A phase 3 randomized clinical trial demonstrated that enlicitide—an oral small-molecule macrocyclic peptide inhibitor of PCSK9—produced a mean percentage change in LDL-C at 24 weeks of −58.2% compared with 2.6% with placebo. Enlicitide binds circulating PCSK9 and prevents its interaction with the LDL receptor, a mechanism analogous to that of PCSK9 monoclonal antibodies. A prior placebo-controlled phase 2 trial showed up to 60.9% LDL-C reduction over 8 weeks with similar rates of adverse and serious adverse events between groups.
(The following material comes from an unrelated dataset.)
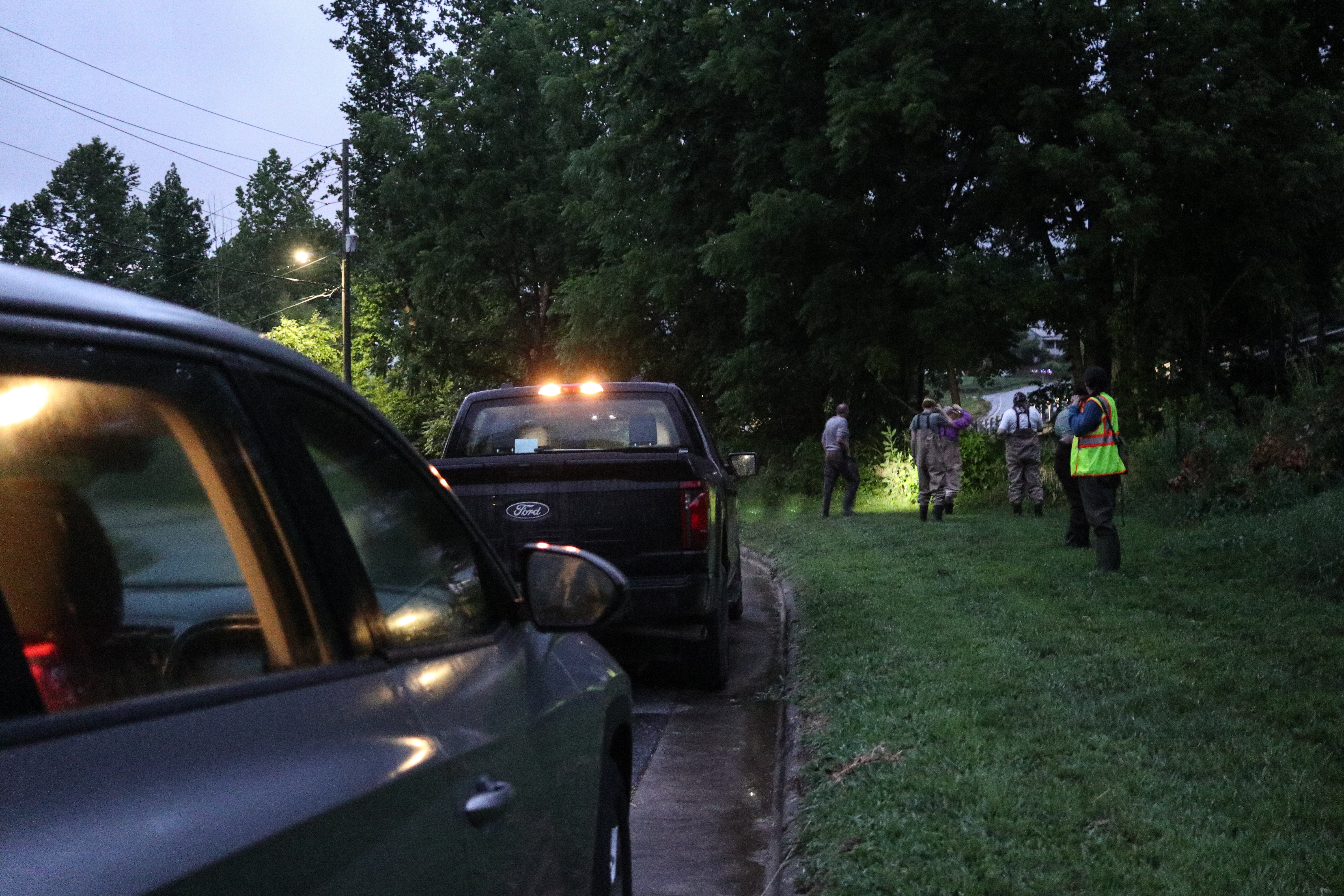 Biologists head to the Pigeon River to conduct a bat emergence count at a bridge, Haywood County, NC.

Trial Design and Population

The CORALreef HeFH trial enrolled 303 adults with genetically or clinically confirmed HeFH across 59 sites in 17 countries. All participants were taking at least moderate- or high-intensity statins, and 64% were on ezetimibe. The mean baseline LDL-C level was 119 mg/dL. Participants were randomized 2:1 to 20 mg of enlicitide or placebo once daily for 52 weeks. The enlicitide formulation contained the sodium caprate, a permeation enhancer; placebo did not. Participants took the study drug fasting and waited 30 minutes before eating. Treatment and fasting adherence exceeded 96%.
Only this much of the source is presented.